Will any/all/none work in the UK? And if they will work, do we need just a simple plug/socket adaptor or something else?

Thanks so much for any advice!

Kate


----------



## Leanna (Oct 22, 2012)

Katevm said:


> Apologies, I think this has been asked before but I can't find a definitive answer either here or by googling.
> 
> We're moving from the US to the UK next month. We have no intention of moving small electrical/kitchen appliances (blenders etc) but would like to bring computers and other equipment purchased in the US, specifically:
> 
> ...


Check your plus on your electronic equipment - if the plus says 120-240V then you can use it with a simple plug adaptor. If it only says 120V then you will need a voltage converter and I would think twice about bringing that item over as many voltage converters are questionable and you are just as likely to fry your stuff. 

Your Wii will need a voltage converter, however keep in mind that Wii games are region coded and you will not be able to purchase games in the UK that will work on it. If you are very tech savy there may be a way around this, but it might not be worth the hassle. 

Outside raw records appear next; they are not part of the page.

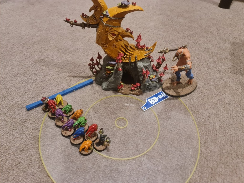 There’s a lonely Mancrusher on one wound, being a pain in the butt on an objective – but don’t worry, the Fungoid is just the lad for the job.
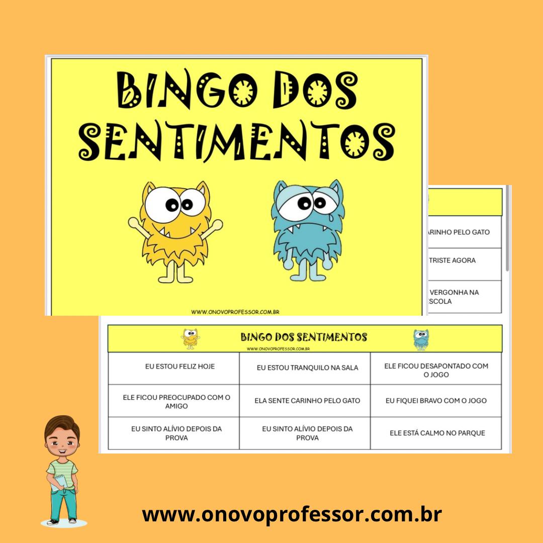 Bingo dos Sentimentos, São 14 cartelas diferentes – fazer em dupla A atividade “Bingo dos Sentimentos” tem como objetivo desenvolver nas crianças a capacidade de
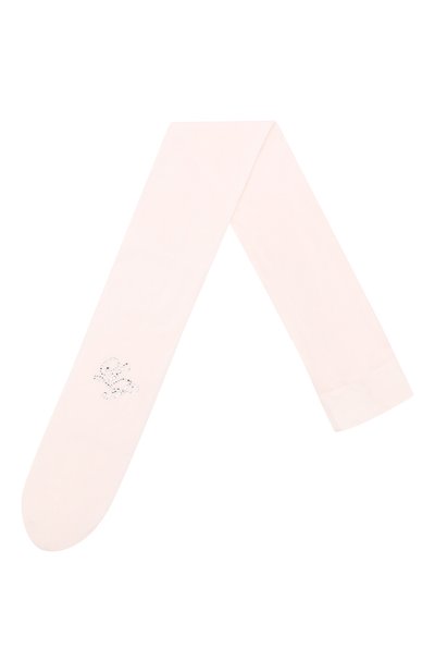Розовые колготки изготовили из мягкой эластичной микрофибры. Бархатистый на ощупь материал хорошо тянется, поэтому вещь плотно облегает ноги и при этом не пережимает сосуды. Широкий плоский пояс обеспечивает комфортную посадку, не натирая кожу. Модель декорировали аппликацией в виде эмблемы марки, выполненной сверкающими стразами.
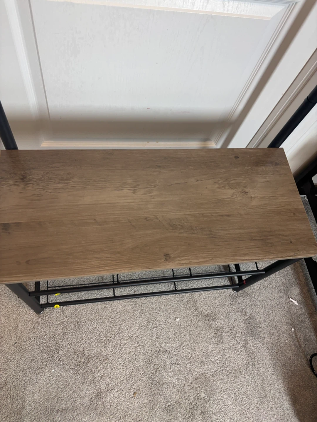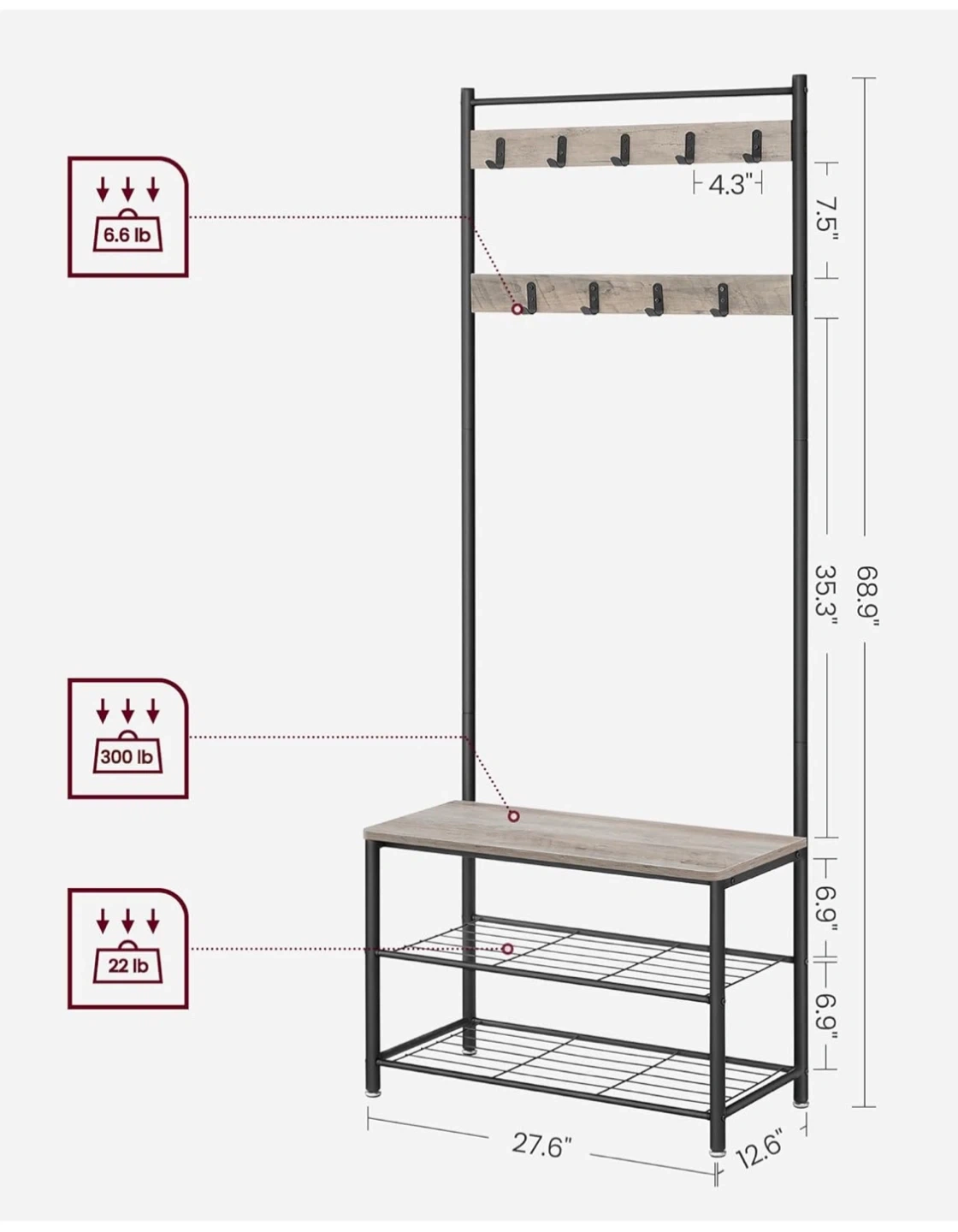 This hall tree is perfect for keeping your entryway organized! It features a bench for sitting, a shelf for shoes, and hooks for coats and hats.
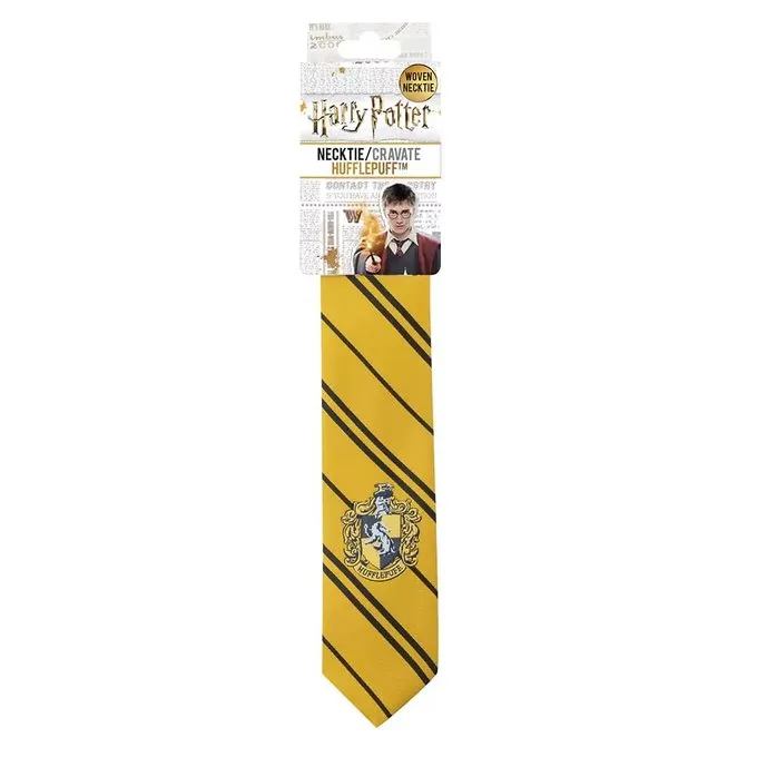 Perfekt til en Harry Potter cosplay -kostume! Dette slips er en officiel kopi af de bånd, som Hogwarts -studerende bærer i Harry Potter -filmene. Kombiner det med en af vores Harry Potter -klæder og Hogwarts -studerende trøjer til et komplet cosplay. Hvis du har brug for et slips til en særlig lejlighed, er dette slips også sjovere end standarddesignene. Dette slips er lavet i Hufflepuff -farverne og har et Hufflepuff -logo på fronten.
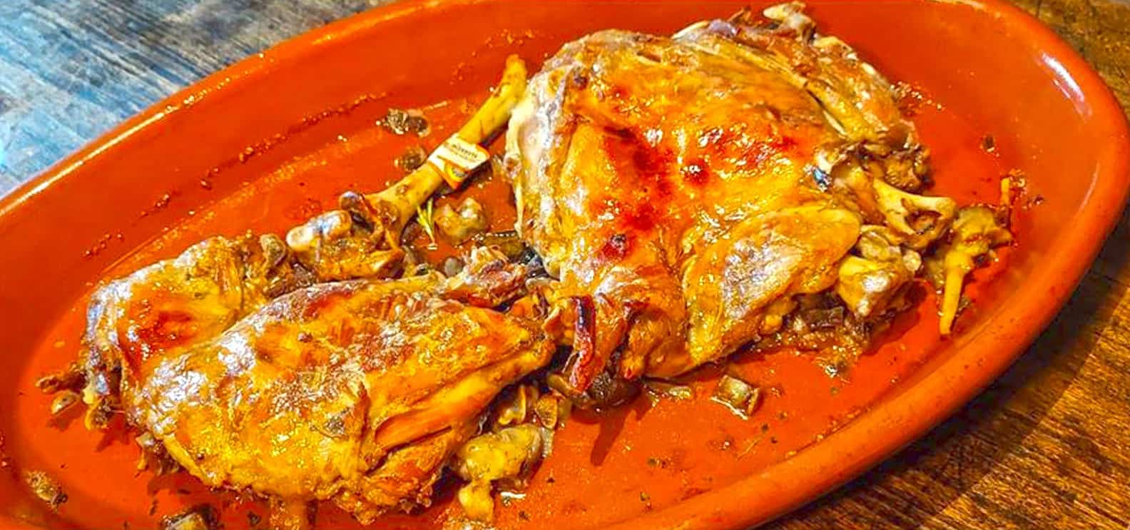 Half suckling lamb confit in duck fat, ready to heat and serve. Served in a tin presented in a case.
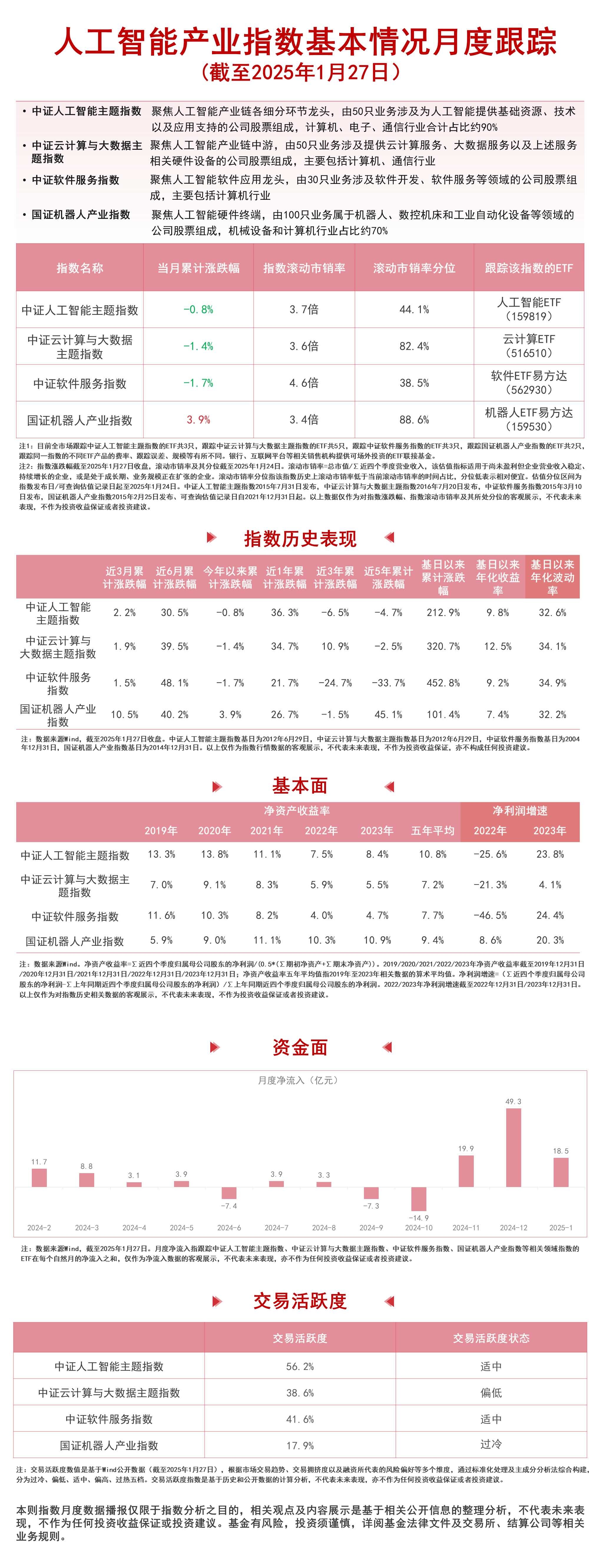 1月,国证机器人产业指数上涨3.9%,中证人工智能主题指数下跌0.8%,中证云计算与大数据主题指数下跌1.4%,中证软件服务指数下跌1.7%。 截至1月31日,DeepSeek应用上线仅21天,日活规模突破2000万,成为全球增速最快 ...
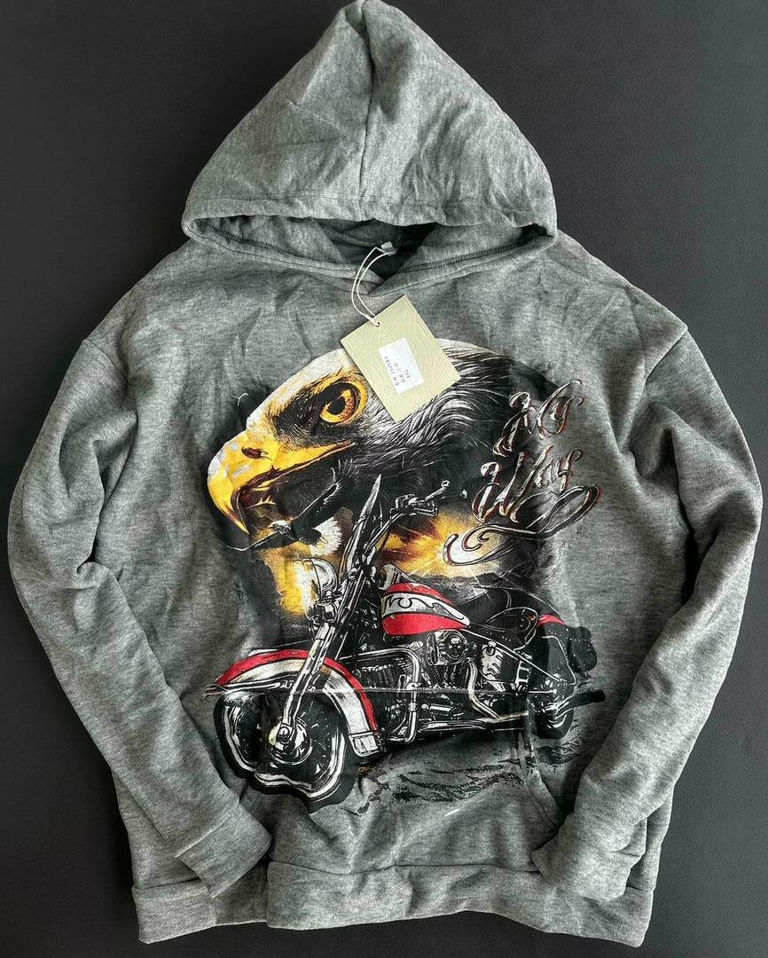 Découvrez notre sweat à capuche gris tendance avec design de moto et aigle. Confortable et idéal pour les amateurs de moto. Parfait pour un look décontracté tout en affirmant votre style unique. Fabriqué en matériaux de haute qualité pour une durabilité optimale. Idéal pour le quotidien ou les sorties.
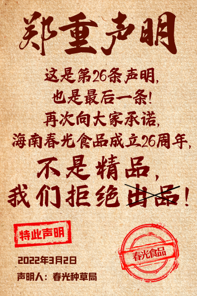 此外,春光食品在產(chǎn)品生產(chǎn)過程中推崇用好料、用足料、不忘初心、始終如一的研發(fā)和生產(chǎn)方針,產(chǎn)品拒絕添加香精、色素、防腐劑等,進一步滿足了消費者對于健康飲品和美味的需求。
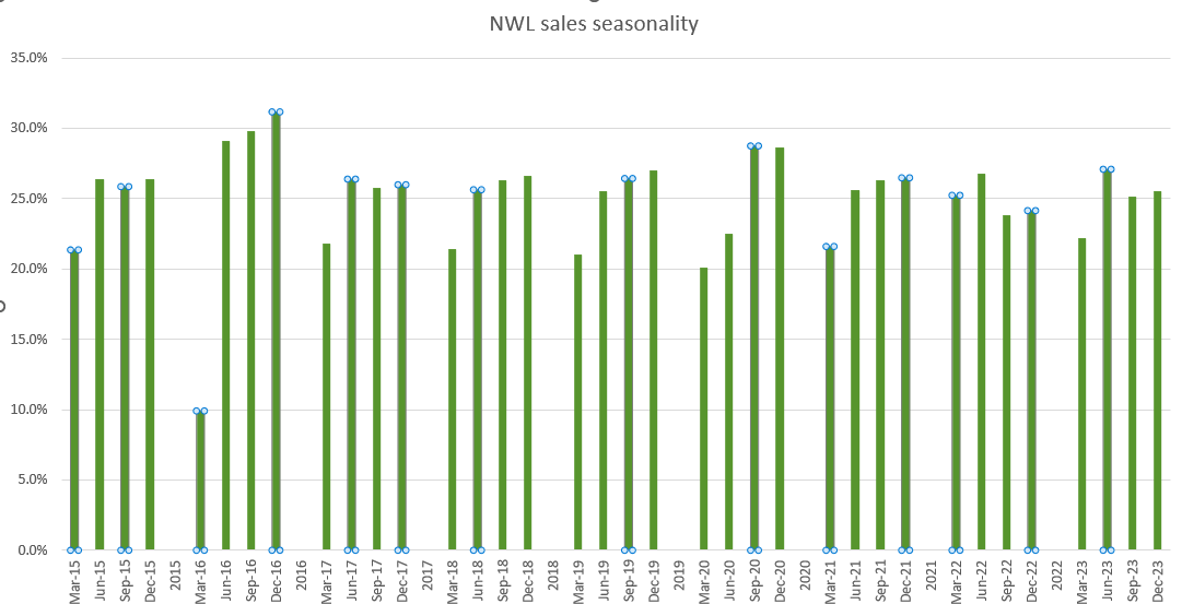 NWL appears to be tracking well against this sales guide, as management mentioned they are off to a better-than-expected start in January than implied in the guidance. Remember that January is a light-season month and 1Q is typically the smallest quarter (relative to other quarters of the year), which means we should see a similar trend for the rest of the year (if seasonality for FY24 remains the same as in the past). There are two other reasons why I believe FY24 will have a better performance than FY23. Firstly, this year, NWL will launch eight innovations, including some new products and services. For example, the Sharpie creative markers will be available in March, and the rest of the innovations will mainly be launched in Q2 and Q3. Secondly, the new distribution wins with new customers that were announced in late 2023 will begin to be delivered in FY24.
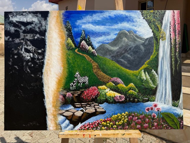 Here is my latest artwork inspired from the book of Genesis, chapter one and verse one downwards. This bible passage tells us about the creation and beautification of the earth, It also shows us the importance of light in every confused state.
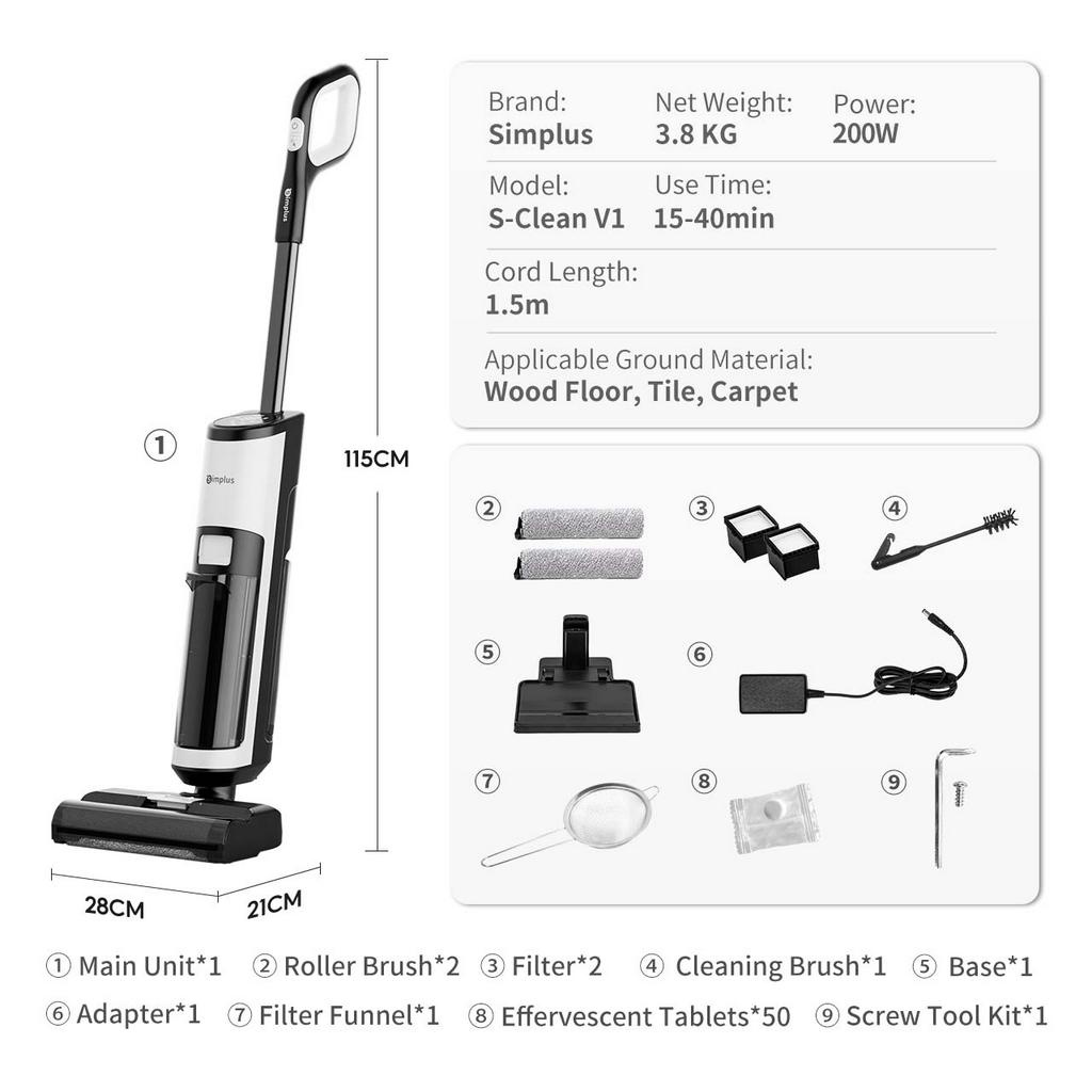 NEW Simplus Wet Dry Mop Vacuum Cleaner 3-In-1 Cordless S-Clean V1 Smart Floor Washer

Your Apple products should work just fine with a UK cord or a plug adaptor.


----------



## baldilocks (Mar 7, 2010)

Often it is simpler with regard to computers, especially if they are not the latest state of the art machines is to just bring the hard drive and connect it to a new machine in UK


----------



## WestCoastCanadianGirl (Mar 17, 2012)

I know that North American Apple Products (laptops, cell phones and iPads etc) can be safely used here in the UK, provided you have a plug adapter... my husband bought a MacBook Air in Vancouver last summer when he came to visit me (while we were waiting for my visa application to be processed) and it came with a North American plug and he was able to charge it when he returned to London. We bought another one (MacBook) recently and it has a UK plug that we can swap out for the NA plug when we go to Vancouver this weekend. 

Your iPhone/iPod/iPad comes with a USB charger that can be plugged into a laptop or a wall USB charger plug, so if you pick one or two of those (USB wall chargers) up once you get here (there are any number of neighbourhood electronics shops that would be happy to sell you one or two or six), you'll be good to go as far as charging your gadgets that have a USB charging lead (this includes Kinde/Kobo/Nook/Sony e readers as well... these types of items aren't voltage specific... just plug them in and go). 

Some other types of "higher ticket" electricals often come with dual voltage capability built in... I have obstructive sleep apnœa and use a CPAP machine at night. It was made in Australia (240 voltage), purchased in Canada and (with the help of a plug adapter) I've been able to use it here in Europe (UK and France so far). Have a look at the voltage ratings on other stuff like camera chargers etc and you may be pleasantly surprised to learn that they're dual voltage (both my Nikon _and_ Sony camera battery chargers are dual voltage, so as long as I have the correct plug adapter, I can "set it and forget it"). 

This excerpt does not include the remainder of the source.